The initiative has been pressing for more data sharing among researchers, hospitals and patients; better-designed clinical trials; and strategies to address the high cost of high-tech cancer cures.

“I see the day when patients don’t have to choose between keeping their homes and affording life-saving treatments,” Biden said.

He also gave a shout-out to new approaches to treating cancer, including the immunotherapy techniques being developed at institutions such as Seattle’s Fred Hutchinson Cancer Center, Seattle Children’s Hospital and Juno Therapeutics.

“I see the day … when you take your child or your grandchild for the school physical, they’ll be vaccinated against certain cancers, like they can now be vaccinated against HPV,” Biden said. “I see the day when they’ll be able to identify, through markers in the blood, cancers that haven’t even been developed yet.”

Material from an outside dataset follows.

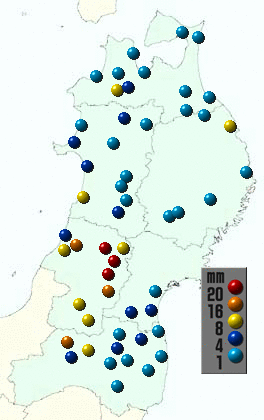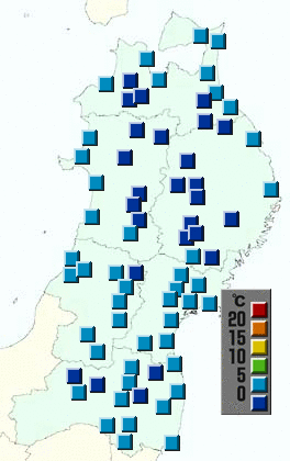 GotoHome Return Prev Next むつ 平均: 0.7℃ 最高: 3.4℃ 最低: -1.3℃ 小田野沢 平均: 0.4℃ 最高: 2.7℃ 最低: -2.4℃ 蟹田 平均: 0.3℃ 最高: 2.1℃ 最低: -3.4℃ 五所川原 平均: -1.6℃ 最高: 1.5℃ 最低: -4.9℃ 青森 平均: 0.3℃ 最高: 2.2℃ 最低: -2.7℃ 六ケ所 平均: 0.2℃ 最高: 2.7℃ 最低: -2.6℃ 鯵ケ沢 平均: 0.9℃ 最高: 3.4℃ 最低: -2.9℃ 弘前 平均: -1.2℃ 最高: 0.4℃ 最低: -3.2℃ 黒石 平均: -2.1℃ 最高: 0.0℃ 最低: -4.1℃ 三沢 平均: 0.7℃ 最高: 3.7℃ 最低: -2.9℃ 十和田 平均: -0.1℃ 最高: 2.4℃ 最低: -3.1℃ 八戸 平均: 0.8℃ 最高: 4.4℃ 最低: -2.3℃ 三戸 平均: -0.2℃ 最高: 3.0℃ 最低: -2.5℃ 能代 平均: 0.6℃ 最高: 2.8℃ 最低: -1.7℃ 大館 平均: -0.8℃ 最高: 1.2℃ 最低: -3.3℃ 鹿角 平均: -1.2℃ 最高: 0.5℃ 最低: -3.8℃ 大潟 平均: 0.9℃ 最高: 3.4℃ 最低: -2.6℃ 阿仁合 平均: -1.0℃ 最高: 1.0℃ 最低: -3.0℃ 秋田 平均: 0.5℃ 最高: 2.1℃ 最低: -1.6℃ 角館 平均: -0.2℃ 最高: 1.9℃ 最低: -1.9℃ 大曲 平均: -0.6℃ 最高: 0.8℃ 最低: -2.6℃ 本荘 平均: 1.1℃ 最高: 2.7℃ 最低: -0.4℃ 横手 平均: -0.2℃ 最高: 1.0℃ 最低: -2.5℃ 湯沢 平均: 0.1℃ 最高: 1.8℃ 最低: -2.3℃ 軽米 平均: -0.7℃ 最高: 1.4℃ 最低: -3.8℃ 久慈 平均: 1.0℃ 最高: 3.4℃ 最低: -1.3℃ 岩手松尾 平均: -1.9℃ 最高: 1.1℃ 最低: -4.1℃ 雫石 平均: -1.0℃ 最高: 1.5℃ 最低: -4.9℃ 盛岡 平均: -0.4℃ 最高: 2.0℃ 最低: -2.8℃ 宮古 平均: 1.7℃ 最高: 4.9℃ 最低: -1.5℃ 紫波 平均: -1.0℃ 最高: 1.9℃ 最低: -2.9℃ 遠野 平均: -0.3℃ 最高: 2.4℃ 最低: -3.2℃ 北上 平均: -0.5℃ 最高: 3.2℃ 最低: -3.9℃ 若柳 平均: -0.6℃ 最高: 3.5℃ 最低: -4.0℃ 江刺 平均: -0.2℃ 最高: 3.7℃ 最低: -3.5℃ 一関 平均: 1.1℃ 最高: 3.9℃ 最低: -1.0℃ 千厩 平均: -0.1℃ 最高: 3.2℃ 最低: -2.7℃ 築舘 平均: 1.2℃ 最高: 3.9℃ 最低: -2.4℃ 米山 平均: 1.2℃ 最高: 5.0℃ 最低: -1.7℃ 古川 平均: 1.3℃ 最高: 2.9℃ 最低: -1.2℃ 大衡 平均: 1.8℃ 最高: 3.9℃ 最低: -1.3℃ 鹿島台 平均: 2.0℃ 最高: 4.3℃ 最低: -0.2℃ 石巻 平均: 1.9℃ 最高: 5.0℃ 最低: -0.3℃ 仙台 平均: 2.1℃ 最高: 3.9℃ 最低: -0.5℃ 白石 平均: 1.7℃ 最高: 4.3℃ 最低: 0.3℃ 亘理 平均: 2.2℃ 最高: 5.3℃ 最低: 0.1℃ 酒田 平均: 2.7℃ 最高: 4.5℃ 最低: -0.7℃ 鶴岡 平均: 1.9℃ 最高: 4.3℃ 最低: -0.5℃ 狩川 平均: 1.2℃ 最高: 3.5℃ 最低: -1.0℃ 新庄 平均: 0.0℃ 最高: 1.4℃ 最低: -1.7℃ 向町 平均: -0.3℃ 最高: 1.0℃ 最低: -2.8℃ 尾花沢 平均: 0.1℃ 最高: 1.5℃ 最低: -1.5℃ 村山 平均: 0.0℃ 最高: 1.6℃ 最低: -1.4℃ 山形 平均: 0.2℃ 最高: 0.9℃ 最低: -0.9℃ 長井 平均: 0.3℃ 最高: 2.4℃ 最低: -1.3℃ 米沢 平均: 0.6℃ 最高: 2.4℃ 最低: -1.4℃ 福島 平均: 2.2℃ 最高: 4.9℃ 最低: 0.8℃ 相馬 平均: 3.0℃ 最高: 6.5℃ 最低: 0.5℃ 喜多方 平均: -0.2℃ 最高: 1.3℃ 最低: -2.0℃ 飯舘 平均: -0.5℃ 最高: 2.1℃ 最低: -2.8℃ 猪苗代 平均: -2.0℃ 最高: -1.1℃ 最低: -4.1℃ 二本松 平均: 0.9℃ 最高: 4.2℃ 最低: -1.6℃ 若松 平均: 0.2℃ 最高: 2.0℃ 最低: -1.9℃ 船引 平均: -0.6℃ 最高: 1.9℃ 最低: -2.3℃ 浪江 平均: 3.1℃ 最高: 6.9℃ 最低: -2.6℃ 郡山 平均: 1.1℃ 最高: 3.6℃ 最低: -0.5℃ 川内 平均: 0.0℃ 最高: 2.9℃ 最低: -1.7℃ 白河 平均: 0.4℃ 最高: 3.7℃ 最低: -1.4℃ 石川 平均: 0.8℃ 最高: 4.0℃ 最低: -1.6℃ 東白川 平均: 0.0℃ 最高: 5.2℃ 最低: -3.5℃ 小名浜 平均: 4.8℃ 最高: 8.5℃ 最低: 1.8℃ むつ : 3.2時間 小田野沢 : 2.8時間 蟹田 : 0.4時間 五所川原 : 0.0時間 青森 : 0.3時間 六ケ所 : 4.2時間 鯵ケ沢 : 0.0時間 弘前 : 0.0時間 黒石 : 0.3時間 三沢 : 5.6時間 十和田 : 2.7時間 八戸 : 4.4時間 三戸 : 2.0時間 能代 : 0.1時間 大館 : 0.1時間 鹿角 : 0.3時間 大潟 : 0.1時間 阿仁合 : 0.3時間 秋田 : 0.0時間 角館 : 0.3時間 大曲 : 0.0時間 本荘 : 0.0時間 横手 : 0.0時間 湯沢 : 0.0時間 軽米 : 3.3時間 久慈 : 5.0時間 岩手松尾 : 1.2時間 雫石 : 1.7時間 盛岡 : 4.4時間 宮古 : 6.2時間 紫波 : 2.6時間 遠野 : 6.1時間 北上 : 3.5時間 若柳 : 1.6時間 江刺 : 4.6時間 一関 : 2.7時間 千厩 : 3.3時間 築舘 : 1.8時間 米山 : 3.3時間 古川 : 2.6時間 大衡 : 1.3時間 鹿島台 : 2.5時間 石巻 : 4.7時間 仙台 : 1.9時間 白石 : 1.9時間 亘理 : 4.0時間 酒田 : 0.3時間 鶴岡 : 0.0時間 狩川 : 0.0時間 新庄 : 0.0時間 向町 : 0.2時間 尾花沢 : 0.0時間 村山 : 0.0時間 山形 : 0.0時間 長井 : 1.5時間 米沢 : 0.4時間 福島 : 2.9時間 相馬 : 3.4時間 喜多方 : 0.5時間 飯舘 : 4.4時間 猪苗代 : 0.0時間 二本松 : 2.5時間 若松 : 0.4時間 船引 : 3.3時間 浪江 : 6.0時間 郡山 : 3.6時間 川内 : 5.3時間 白河 : 6.4時間 石川 : 5.3時間 東白川 : 8.1時間 小名浜 : 8.6時間 むつ : 1.5mm 小田野沢 : 3.0mm 蟹田 : 0.5mm 五所川原 : 1.5mm 青森 : 3.0mm 六ケ所 : 0.0mm 鯵ケ沢 : 3.0mm 弘前 : 12.5mm 黒石 : 5.0mm 三沢 : 0.0mm 十和田 : 0.5mm 八戸 : 2.5mm 三戸 : 0.5mm 能代 : 2.0mm 大館 : 5.0mm 鹿角 : 1.5mm 大潟 : 5.5mm 阿仁合 : 3.0mm 秋田 : 6.5mm 角館 : 1.0mm 大曲 : 0.5mm 本荘 : 13.5mm 横手 : 3.5mm 湯沢 : 4.0mm 軽米 : 0.5mm 久慈 : 8.0mm 岩手松尾 : 0.0mm 雫石 : 0.0mm 盛岡 : 0.0mm 宮古 : 3.0mm 紫波 : 0.0mm 遠野 : 0.5mm 北上 : 0.0mm 若柳 : 0.5mm 江刺 : 0.5mm 一関 : 0.0mm 千厩 : 0.0mm 築舘 : 0.0mm 米山 : 0.0mm 古川 : 0.0mm 大衡 : 0.0mm 鹿島台 : 0.0mm 石巻 : 0.0mm 仙台 : 1.0mm 白石 : 4.0mm 亘理 : 5.5mm 酒田 : 6.0m

‘Wild West’ for cancer research

Earlier in the day, biotech executives provided a status report on immunotherapy research at the AAAS meeting. The strategies include tweaking the genetic code of immune cells and viruses to zero in on cancer cells.

“We’re now firmly in the realm of synthetic biology,” said Rafael Ponce, senior director of preclinical science for Juno Therapeutics.

Juno Therapeutics, which was spun out from a consortium of cancer centers in 2013, has been through a series of sharp ups and downs over the past five years. Two patients died in the course of a clinical trial for one of the company’s treatments, but another treatment has shown promising results.

“We’re really at the very beginning of learning how to engineer these cells, since it’s a whole new field,” Ponce said. “It’s like the Wild West.”

Last month, Celgene struck a deal to acquire Juno for $9 billion — which is $2.7 billion more than the funding that was set aside by the 21st Century Cures Act.